The Photographic Negative of the Zeitgeist

The Photographic Negative of the Zeitgeist

Cain and Abel
Bas-relief: Orvieto Cathedral
ca. 1310-31

On the night of Passover, during the dinner celebrated in commemoration of the Exodus from Egypt, a cup of wine is set on the table for Elijah – the herald of the messianic age – to drink when he stops in to join the gathering. The door is left unlocked.

If you ask me, it’s about time he showed up. Here’s evidence. A familiar feature of nondenominational meetings of theologians that I’ve attended – here the most recent one looked to be just a bit of an exception – is the absence of Jews and Judaism from discussions of world religions! Jews seem to be “present” mainly in the form of absence – as the empty chair at the table. I have no way of knowing how typical this is. Here I only report what I have noticed.

It’s pretty odd, when you come to think of it. Theologians who would rather be crucified-near-an-anthill than disparage any heretofore marginalized group show no qualm at leaving unmentioned the one group known to have suffered nearly two thousand years of calumny, which culminated in what may be the greatest single crime against humanity in recorded history: the Holocaust.

Calumny? False accusations? What calumnies? Thank you for asking. I’ll be happy to list them. Whatever the spirit of the age – Jews are projected as its antithesis. Like a photo negative of the Zeitgeist.

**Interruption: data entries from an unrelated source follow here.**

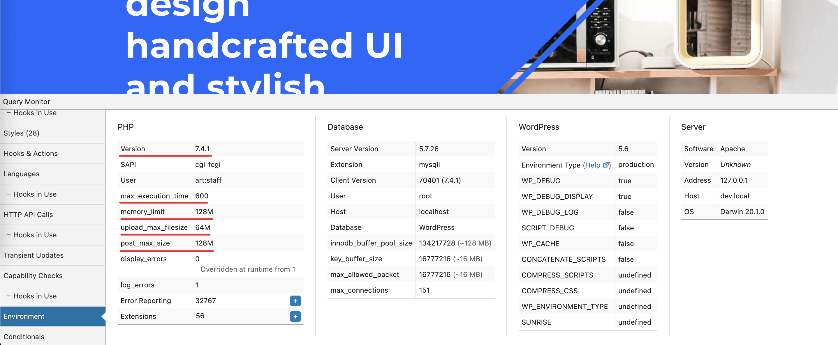 EnvironmentIn the opened bottom panel, double-check all the key numbers. If your server has low configuration limits, please contact your hosting provider and ask them to increase those. You can also check your actual PHP version from this panel. More information related to recommended PHP limits can be found in the Server Requirements section.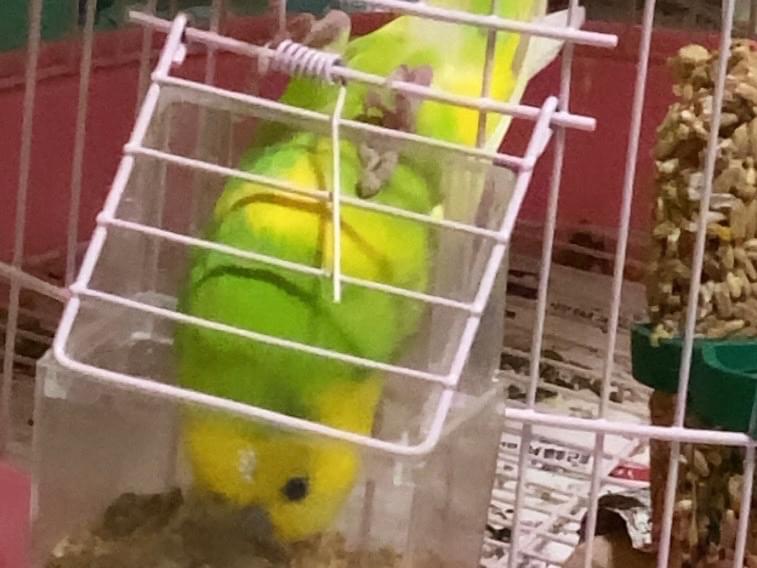 黄色と緑色のセキセイインコのライムちゃんがいなくなっちゃいました。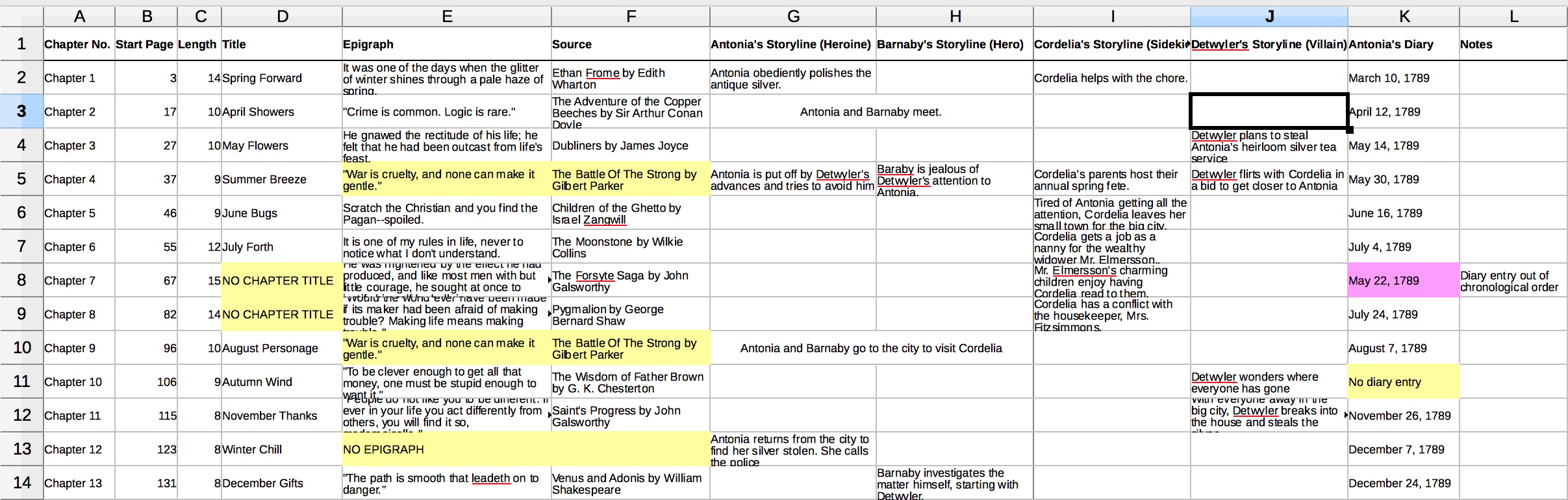 In one novel I edited, most chapters concluded with a diary entry. But some of the chapters lacked this feature. For consistency, every chapter needed a diary entry. The book map clearly showed the author which chapters broke the pattern, and also showed when the entries were out of order.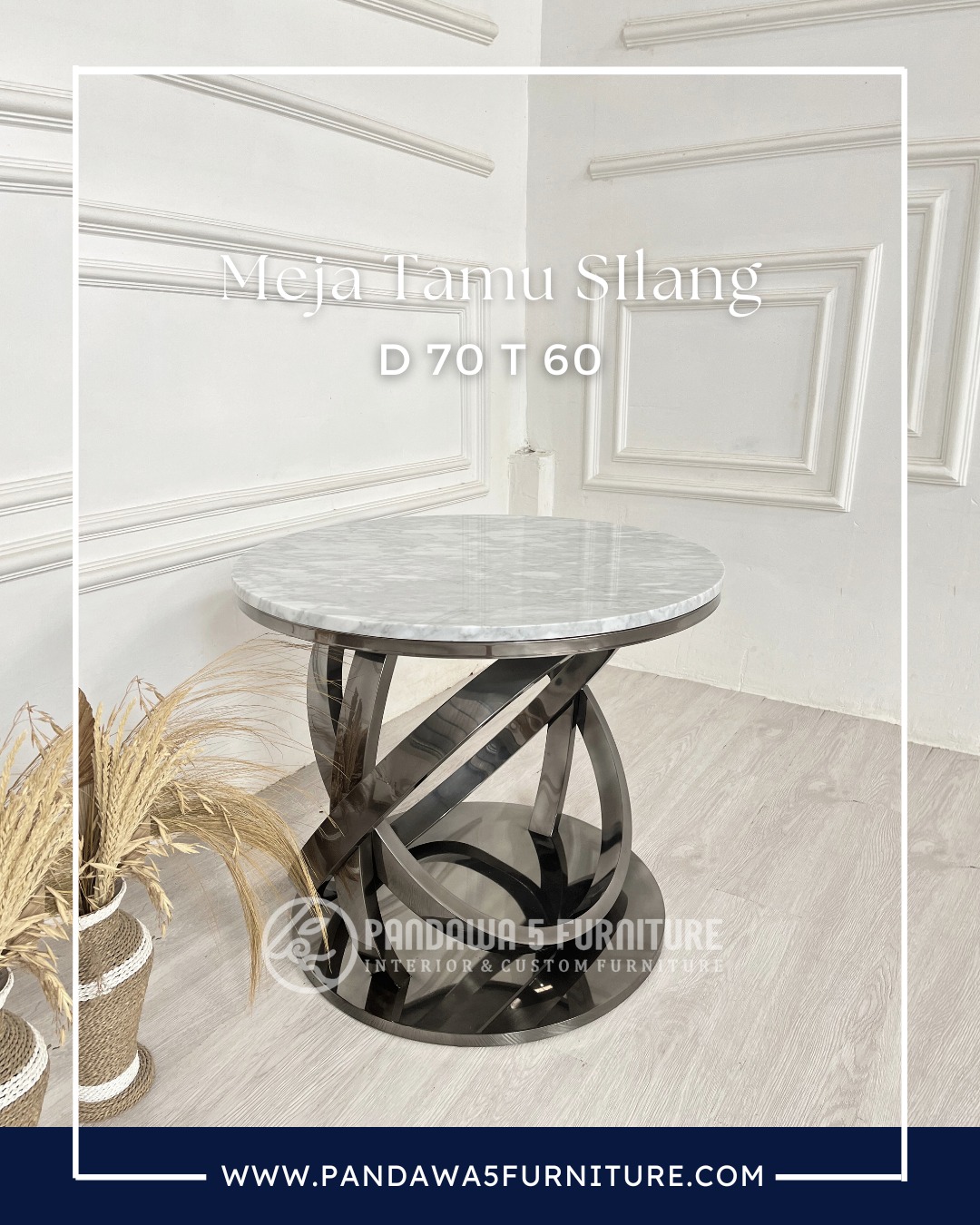 Cross Base Coffee Table Top Marble | Meja Tamu Silang Stainless – Elegan & Mewah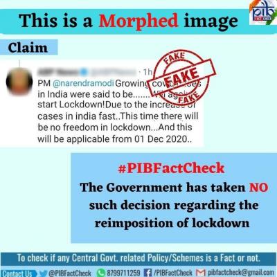 सोशल मीडियावर पंतप्रधान नरेंद्र मोदी लवकरच लॉकडाऊन जाहीर करणार असल्याचे मेसेज व्हायरल होत आहे. मात्र हा मेसेज बनावट असल्याचं पीआयबी फॅक्ट चेकमध्ये आढळून आलं आहे. कोरोना रुग्णांची संख्या वाढत असल्याने लॉकडाऊन जाहीर करणार असल्याचा दावा मेसेजमध्ये केला होता.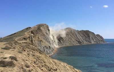 В Коктебеле отдыхающие своими глазами увидели разрушительную силу природы. Прямо перед объективами камер мыс Хамелеон, который разделяет Коктебельский залив и Тихую бухту, частично обвалился в море.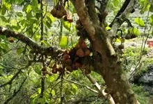 大果榕是桑科榕属的小乔木,株高可达10米;幼枝被柔毛;叶互生,宽卵状心形或近圆形;雄花无梗、匙形、花丝长,雌花生于雌株榕果内,子房白色;榕果簇生于树干基部或老茎短枝上、扁球形或陀螺形,…全部>>

1. In the Christian era, God was universally held to have taken on human form (incarnated) as Jesus, the Jewish carpenter from Nazareth. He attracted a significant popular following as the messiah at a time when that title was associated with an anticipated figure who would overthrow Roman rule in Roman-occupied Judea. The four records we have of the life of Jesus have the Jewish authorities fearing Roman reprisal and turning him over to Roman authorities for crucifixion, a method that had already blackened the Judean hills with crosses.

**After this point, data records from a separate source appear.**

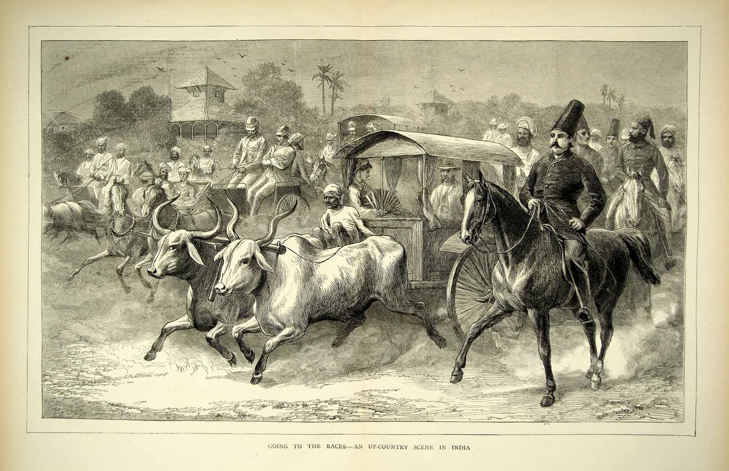 1872 Wood Engraving Art Horse Race Sports India Asia Victorian Zebu Ox YTG3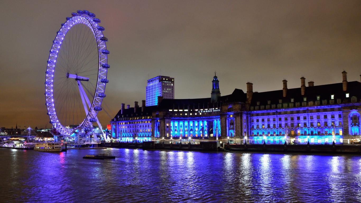 Wallpaper Ferris wheel by the water at night, London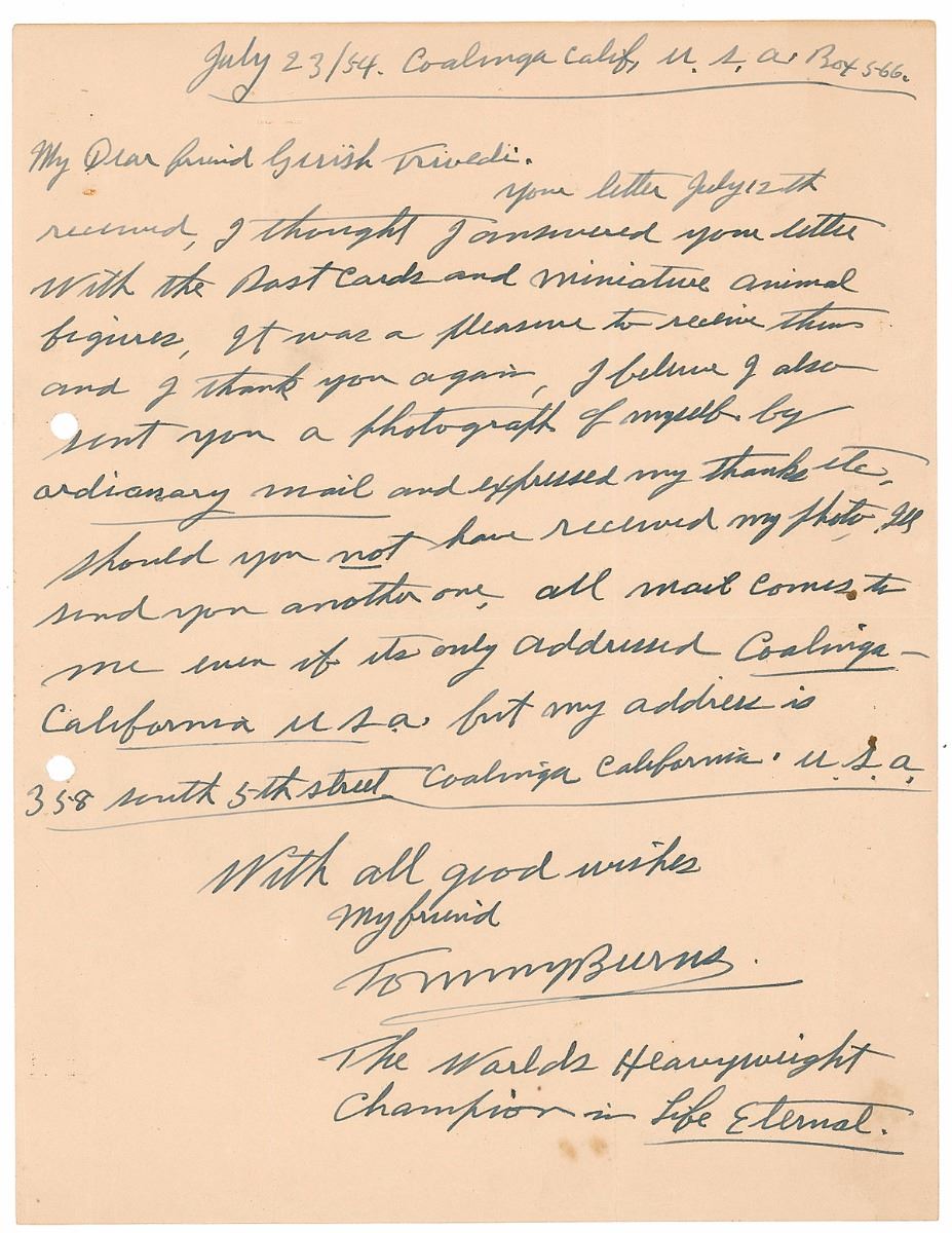 Boxing Hall of Famer (1881–1955) who was the heavyweight boxing champion of the world from 1906 through 1908. ALS signed “Tommy Burns, The World’s Heavyweight Champion in Life Eternal,” one page, 8.5 x 11, July 23, 1954. Letter to an admirer, in part: “It was a pleasure…and I thank you again, I believe I also sent you a photograph of myself by ordinary mail and expressed my thanks etc., should you not have received my photo, I’ll send you another one.” In fine condition, with two punch holes to the left edge.

     1a. The calumny: all Jews, morning, noon and night, crucify Jesus.

Crazy, no?

2. Enlightened Europeans, emerging from the combats between Christian denominations that had wracked Europe, welcomed the triumph of Newtonian Laws of Nature presided over by an impartial, universal Providence. 

      2a. The calumny: Jews are merely particularistic, without concern for the universal – only for other Jews. Suggestion:

Give Jews the same opportunities,

and see how they do,

on charity, shared social concerns,

and universal human rights.

3. Romanticism privileges passionate intensity, reacts against Enlightenment rationalism, and stresses native lands and native spirit.

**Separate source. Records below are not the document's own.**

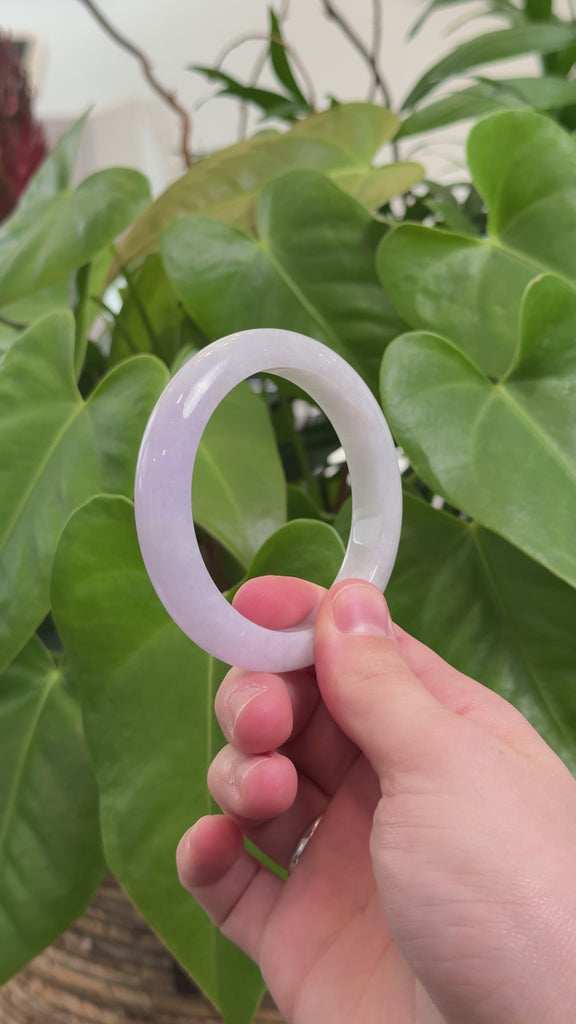 * DETAILS---This stunning jade bangle is crafted from fine Burmese jadeite in a soft lavender hue. Its smooth texture and timeless elegance make it truly eye-catching. The traditional round shape is a favorite for many, offering a classic and graceful look. With some small natural lines. This bangle is more than just fine jewelry — it’s a meaningful gift, perfect for yourself or someone special.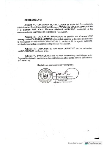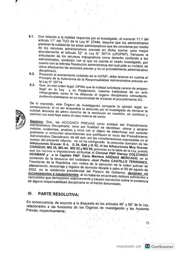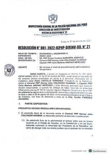 Esto se confirmó con las conclusión a la que llegaron en la Inspectoría General. “Los hechos e imputaciones atribuidas al coronel PNP Harvey Colchado (...), en el contenido de la denuncia del ciudadano José Pedro Castillo Terrones, presidente de la República, con motivo de la ejecución de la orden judicial de allanamiento, descerraje y registro de domicilio llevada a cabo el 09 de agosto de 2022, en la residencia presidencial del Palacio de Gobierno, devienen en inconsistentes e insubsistentes, al no haberse encontrado indicios suficientes y razonables que demuestren objetivamente y causen convicción sobre la existencia de alguna responsabilidad disciplinaria en el hecho denunciado”, se lee en el documento al que Infobae accedió.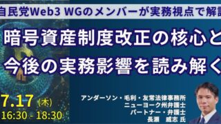 「JPIセミナー」:「暗号資産制度改正の核心と今後の実務影響を読み解く」7月17日(木)開催 ニュースの要約 2025年3月、暗号資産交換業者に対する資産の国内保有命令の創設が発表されました。 電子決済手段・暗号資産サービス仲介業の創設など、暗号資産関連の制度改正が検討されています。 自民党Web3 WGと金融庁が暗号資産の制... ニュース: 2025.07.05 ニュース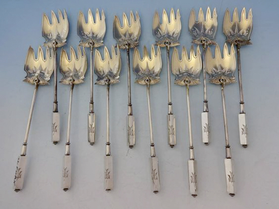 A set of 19th-century terrapin forks made by Gorham in its Egypt-inspired Isis pattern. (Image courtesy of Antique Cupboard, Big Bend, Wisconsin.)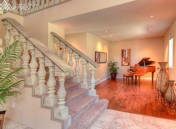 Fabulous custom home on 5 acres with unobstructed views of Pikes Peak, Garden of the Gods, Front Range and city lights. The property also features tall mature pines, Gambol Oak, rock formations and a large flat play yard or area for horses or garden. This gorgeous and unique home has an attached indoor heated pool house wing (2500 sq ft +) with a full sized indoor pool, spa, sauna, kitchenette, eating bar and bath. The Mother-in-law apartment is spacious w/ 2 bdrms, bath, kitchen, dining, living areas and fireplace.

       3a. The calumny: Jews are rootless, homeless cosmopolitans, never at home, always wandering.

Jews don’t “wander.”

They are forced out!

Once again – whatever the currently accepted worldview is – Jews are imagined as its antithesis.

4. Darwinian principles view all of life, including human life, as a struggle for survival, where only the fittest prevail. 

      4a. The Nazi calumny: Jews are a “race” unlike any other, in that it’s the only toxic race.

Jews are a people, not a race. 

They are not defined biologically but covenantally.

One can join this people and then be understood 

to have stood with them at Mt Sinai and 

with them accepted their covenant with God.

5. Post-colonialism: Each people has its own traditions – to be respected on its own terms – without subordinating its way of seeing, saying and being to any purported “universalism” that actually masks Western hegemony.

       5a. The calumny: The nation of Israel is regarded as a colonial imposition even though it’s the ancient homeland of the Jews. It’s accorded no right to exist, much less prevail in battle against enemies unashamedly determined to destroy it utterly, from the Jordan river to the Mediterranean sea.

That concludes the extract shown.